The first Europeans known to have used the trail system were Hernando de Soto and his party when they crossed the Blue Ridge Mountains in 1540. By the late 1600s, British colonists used portions of the trail as they traded with the Indians. The British traders’ name for the route was derived from combining its name among the northeastern Algonquian tribes, “Mishimayagat” or “Great Trail,” with that of the Shawnee and Delaware, “Athawominee” or “Path where they go armed.” Later, hunters and settlers traveled the trail to explore Kentucky and Tennessee, leading to the first mass western migration in American history as settlers followed the Wilderness Road through the Cumberland Gap.

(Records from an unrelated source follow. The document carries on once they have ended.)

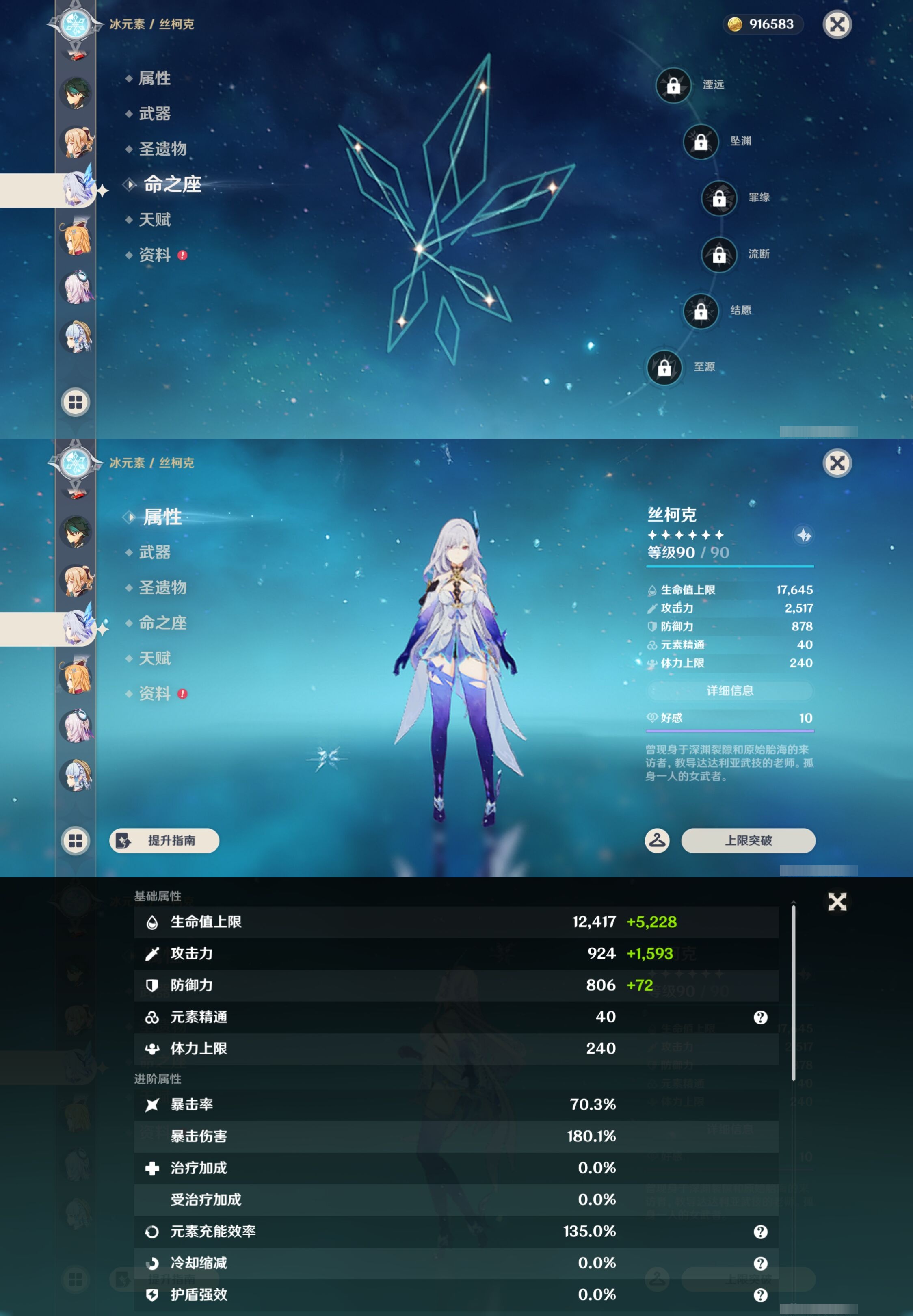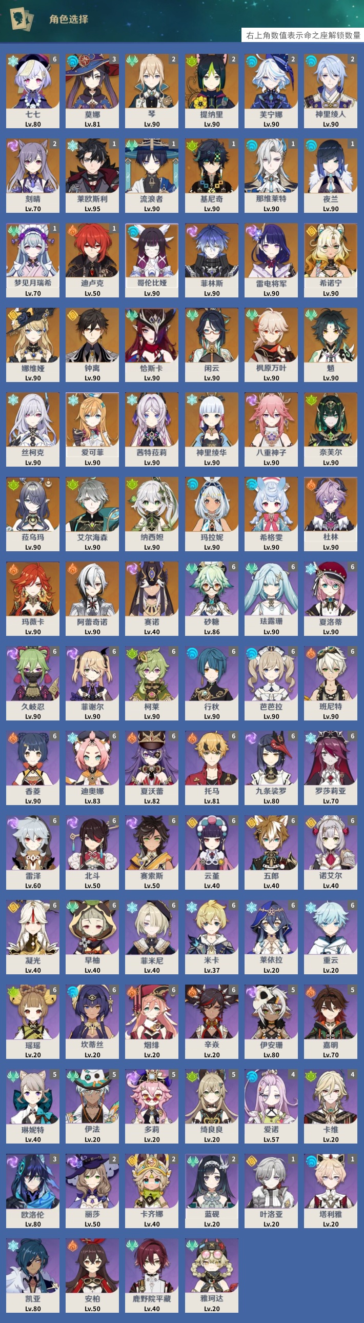 【39个五星角色】,满命七七,3命莫娜,2命琴,2命提纳里,2命芙宁娜,2命神里绫人,2命刻晴,1命莱欧斯利,1命流浪者,1命基尼奇,1命那维莱特,1命夜兰,1命梦见月瑞希,1命迪卢克,0命哥伦比娅,0命菲林斯,0命雷电将军,0命希诺宁,0命娜维娅,0命钟离,0命恰斯卡,0命闲云,0命枫原万叶,0命魈,0命丝柯克,0命爱可菲,0命茜特菈莉,0命神里绫华,0命八重神子,0命奈芙尔,0命菈乌玛,0命艾尔海森,0命纳西妲,0命玛拉妮,0命希格雯,0命杜林,0命玛薇卡,0命阿蕾奇诺,0命赛诺,
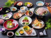 【夕食・柳川美豚(びとん)会席】柳川水路”沖端川”の中流で育てられたブランド豚「柳川美豚」のお料理。
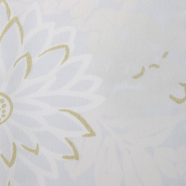 白色の着物に淡い色味で「菊」が描かれます。「菊」は、まるで太陽のように咲くことから、最も位の高い花とされ、こちらの文様は高貴さを表します。
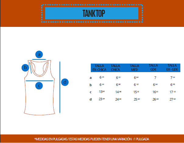 Sólo tienes que dar click en los siguientes link para que te abra la imagen con las medidas de acuerdo a nuestras tallas (Chica, Mediana, Grande y Extra Grande) para que de acuerdo a tu cuerpo, puedas elegir la que más se adecúe a tu estilo de vestir.
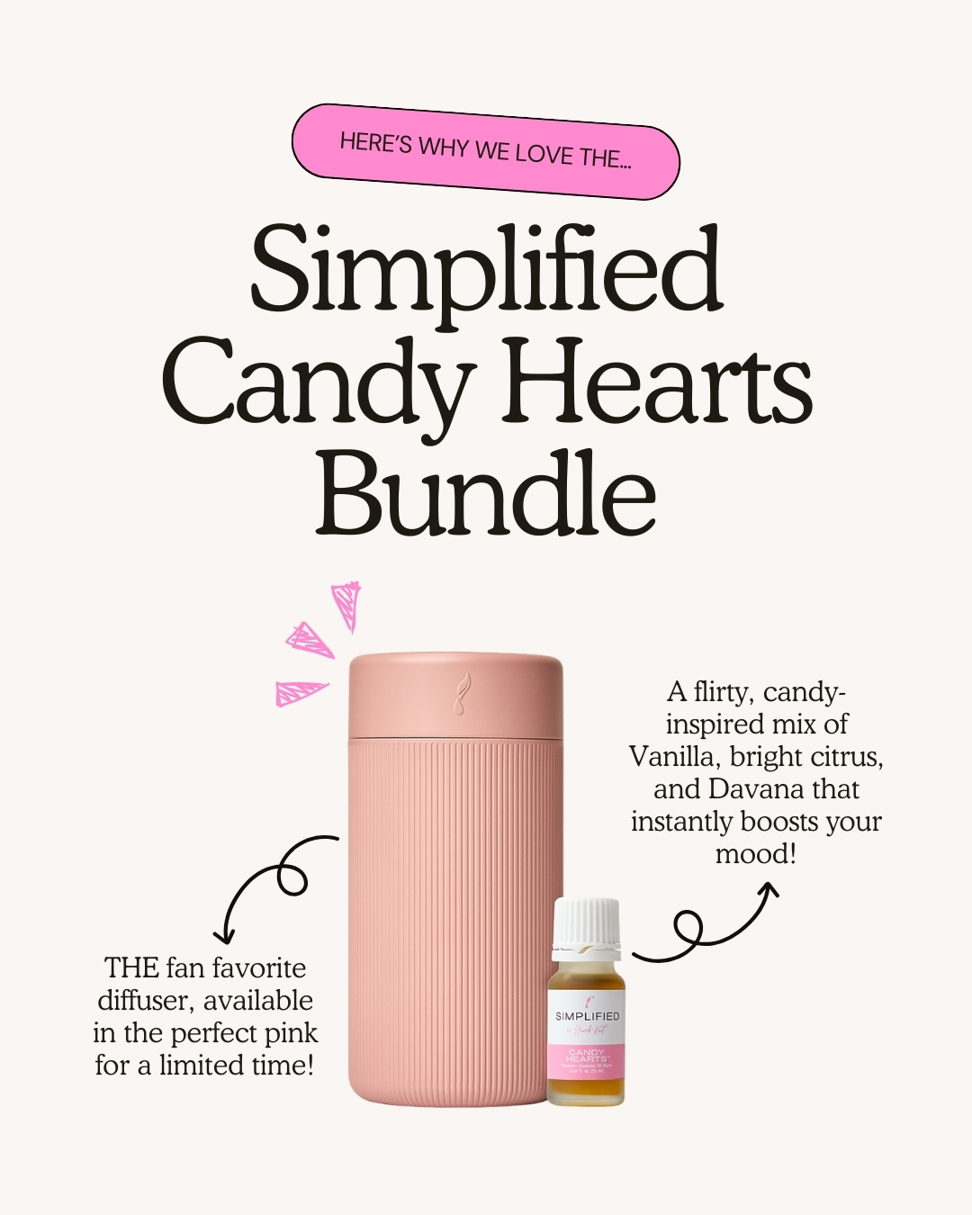 - Candy Hearts blend - a flirty, candy-inspired mix of Vanilla, bright citrus, and Davana that instantly boosts your mood!
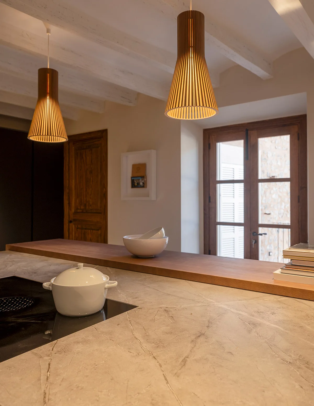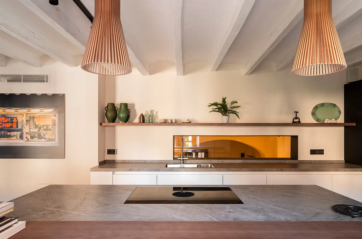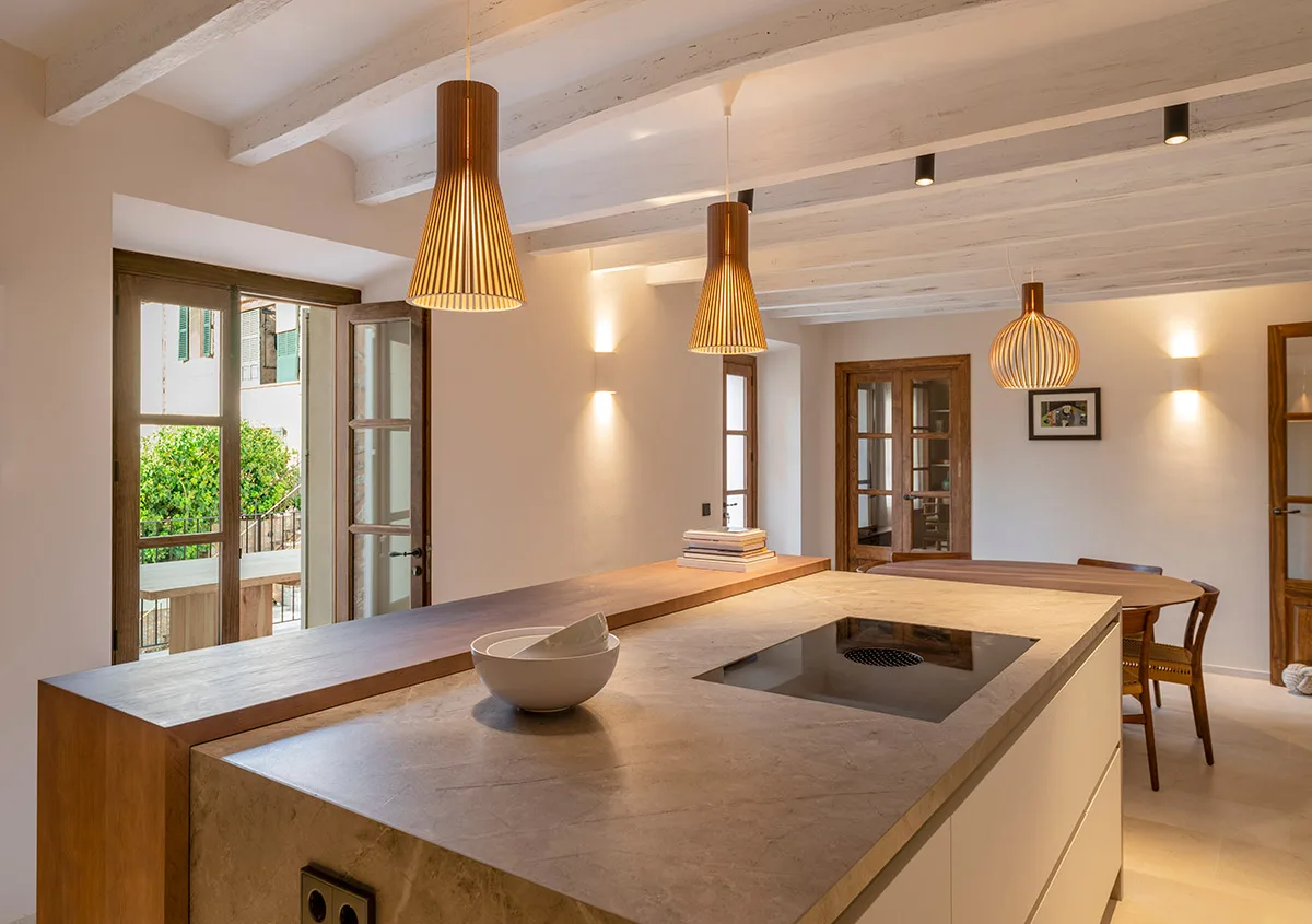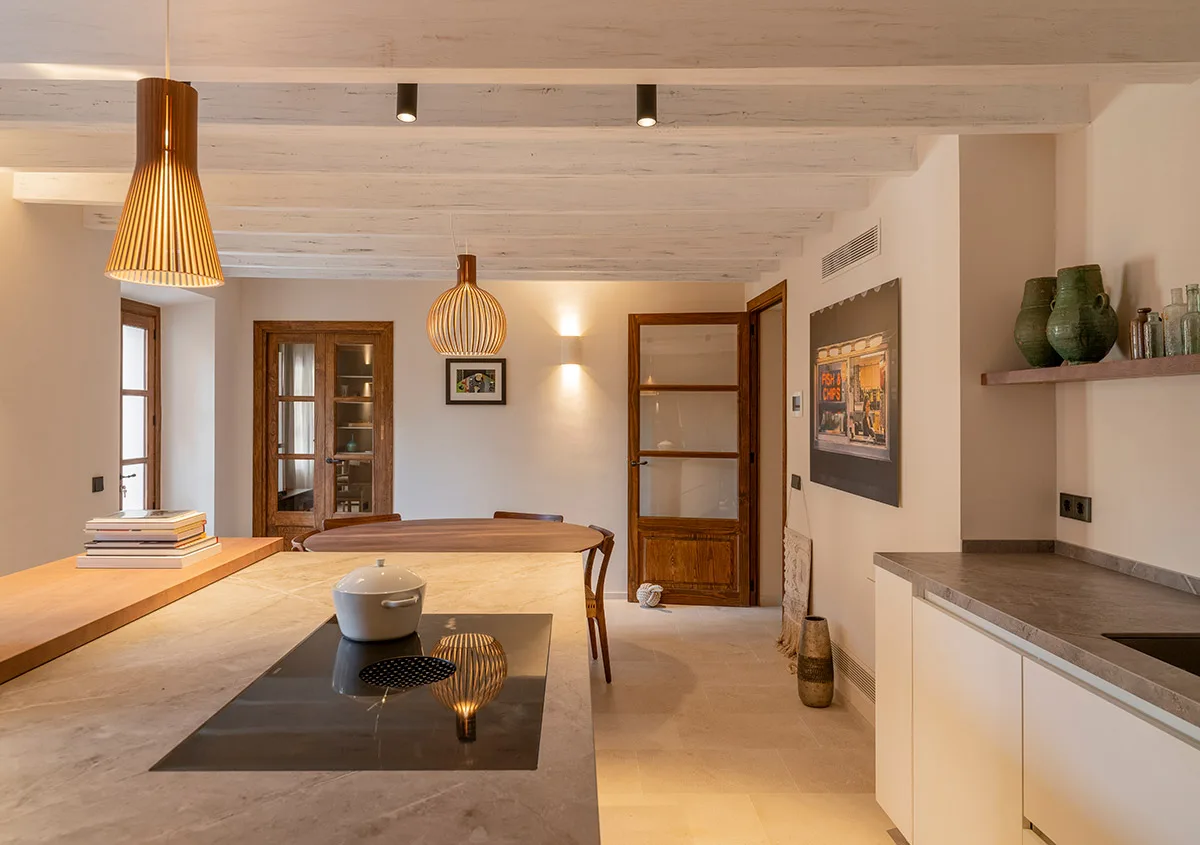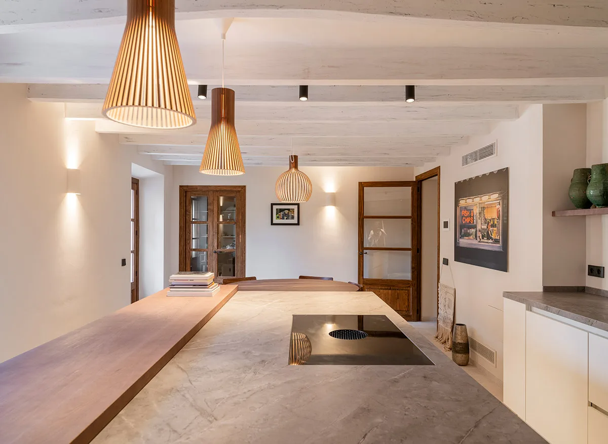 La cocina principal fusiona modernidad y sofisticación. Columnas con acabado laminado Fénix y muebles bajos en laca blanca. La encimera de Dekton Vera aporta un toque de lujo, mientras que los detalles en madera de roble proporcionan calidez y personalidad.

The system of footpaths branched off in several places onto alternate routes and, over time, shifted westward in some regions to adjust to pressure from the British colonies. In the north, from West Virginia to the Great Lakes, the route was called Seneca Trail and formed the boundary of “the frontier” by the time of the French and Indian War (1756–63). When King George III proclaimed in 1763 forbidding further settlement beyond the mountains and demanding the return of settlers who had already crossed the Alleghenies, a line was designated roughly following the Seneca Trail. Parts of the trail would later be blazed as other trails, including the Great Valley Road, Kanawha Trail, Wilderness Road, Catawba Trail, Unicoi Trail, and the Georgia Road.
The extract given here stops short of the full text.